For portrait work you want to hit just the right depth of field. You need find the sweet spot. Too large or too small can both detract from your image.
Let’s take a look at a couple of examples of how to use depth of field to create a better portrait.
Reducing your depth of field is how you can better separate your subject from the background. Open up your aperture a little. You will now be able to focus on just the person and the background will be softened.
When you have a busy background this can be exactly what will save your image. As mentioned above, you want to avoid background distractions. Restricting your focus to the subject makes it less prominent.
When you are shooting up close, you can also use depth of field to focus very clearly on the eyes of your subject. It depends how close you are, but the hairline and sides of the face may then soften a little. This will take more practice to get right, but when done well is very striking.
A word of warning. Remember that when you change the aperture you are also changing the exposure. If you are shooting in low light, it might not always be the best idea to open your aperture right up. It will be harder to focus and you may end up with not enough of your subject being sharp.
Aim for a balance. You do not want everything in perfect focus, but also want enough of your subject in focus to achieve a clear image of your subject.
Posing and interacting with your subject
Alright, now you are ready to get your live subject and place them in front of your camera.
So, what do you do with them? Will they just know what to do? How much do you direct and control their pose?
There is no easy answer here. But, when you are starting out the best advice is to keep it simple.
First, one last check. Make sure you cast your eyes over every aspect of your subject.
Watch out for clothing sitting wrongly, buttons undone, hair sticking up, and jewelry hanging off center or flipping over. And, for guys make sure there is no mobile phone in the jeans.
If your subject has some modeling experience, great. Let them do what they know. Mostly this won’t be the case though. So, they will look to you for some guidance.
Make it relaxed. Ask them to shift their weight more to one leg. Put a hand in a pocket. Seated is also a good option.
You will often get a stronger image when the subject’s shoulders are straight on to the camera. Angling the body makes people look smaller and can be harder to get right.
Additionally, have your subject turn their head in a slightly different direction from their body. It can add interest and make the composition more dynamic.
For a tight crop, facing forward and looking directly to the camera can be a strong option too. The look will be more composed than natural though, so it is not always the right choice.
You will find that people more naturally drop into a comfortable natural pose when they first move into a position. As opposed to having a carefully controlled pose that you have been perfecting for ten minutes.

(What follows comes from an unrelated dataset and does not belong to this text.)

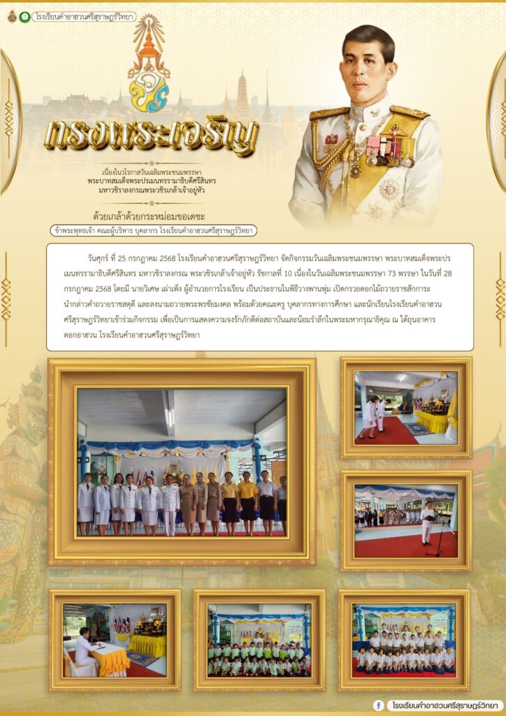 วารสารโรงเรียนฉบับที่ 20 : กิจกรรมวันเฉลิมพระชนมพรรษา พระบาทสมเด็จพระปรเมนทรรามาธิบดีศรีสินทร มหาวชิราลงกรณ พระวชิรเกล้าเจ้าอยู่หัว รัชกาลที่ 10 Posted on 25/07/202515/08/2025 by pilailuk94 25 ก.ค. Post Views: 0 pilailuk94 ส่งความห่วงใยและกำลังใจ ฉบับที่ 21 : การประชุมปฏิบัติการ การผลิตสื่อการเรียนการสอน ตามโครงการ “การพัฒนาทักษะ ฟัง พูด อ่าน เขียนภาษาไทยของนักเรียนบนฐานความมั่นคงทางอาหารตามหลักปรัชญาของเศรษฐกิจพอเพียง”

That can make people look very stiff.
A good trick is to have your subject stand up and sit down again. Or, walk into the frame and stop in the right spot. Then shoot, before they have time to think about controlling what they do too much.

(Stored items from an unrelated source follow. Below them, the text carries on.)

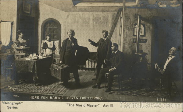 Front: Bryron 18552 "Rotograph" IT HERR VON BARWIG LEAVES FOR LEIPSIC. "The Music Master" Act III. B 1381 Back: THE ROTOGRAPH CO., N. Y. CITY. DOMEST C ONE GENT TWO CENTS.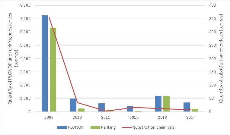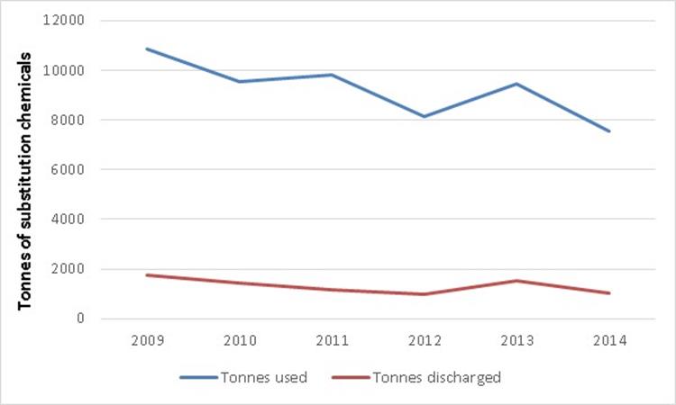 In 2009, more than 10 000 tonnes of substances identified as candidates for substitution were used, and 1735 tonnes discharged. In 2014, just over 7500 tonnes were used with just over 1000 tonnes discharged (Figure 5).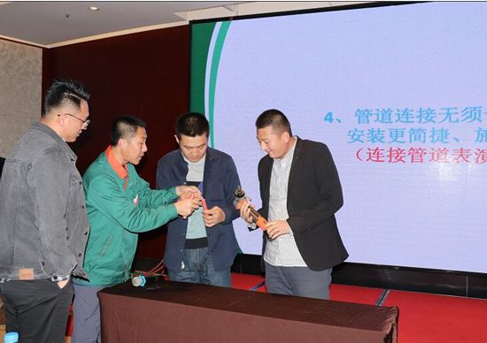 接下来,好博体育集团暖通工程师汪工为大家讲解了好博体育1+的施工标准、技术要点及综合产品系统,并着重介绍了好博体育1+“PE-Xa致纯冷热水管道系统”头尾一根管、维护更便利等独特优势,通过案例讲解、现场演示等方式,让参会人员切实的感受到不一样的产品、不一样的好博体育1+。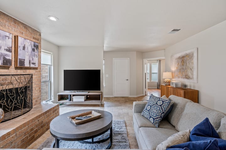 بيت من طابق واحد. يمكنك المشي إلى المتاجر والمطاعم

It is immensely important to get some rapport going between you and your subject. Warm up them before you start shooting.
And, talk a little to your subject, as you shoot. Don’t get them to talk so much, but instead listen to you. Then you can shoot their facial reactions. Nothing too dramatic. They should relax, maybe smile as they listen.
Some people are a lot more comfortable in front of a camera than others. It won’t always be the same. Gaining experience working with different people will help you.
And, being comfortable and confident yourself goes a long way.
I hope this guide has given you some confidence to start taking portrait images. It can be incredibly rewarding and will also improve your photography overall.
It really is all about working with people and balancing the technical aspects. If you love people and love what you do, it will show. And, you will be able to create great images.
You never know, you might even get to make a career out of it.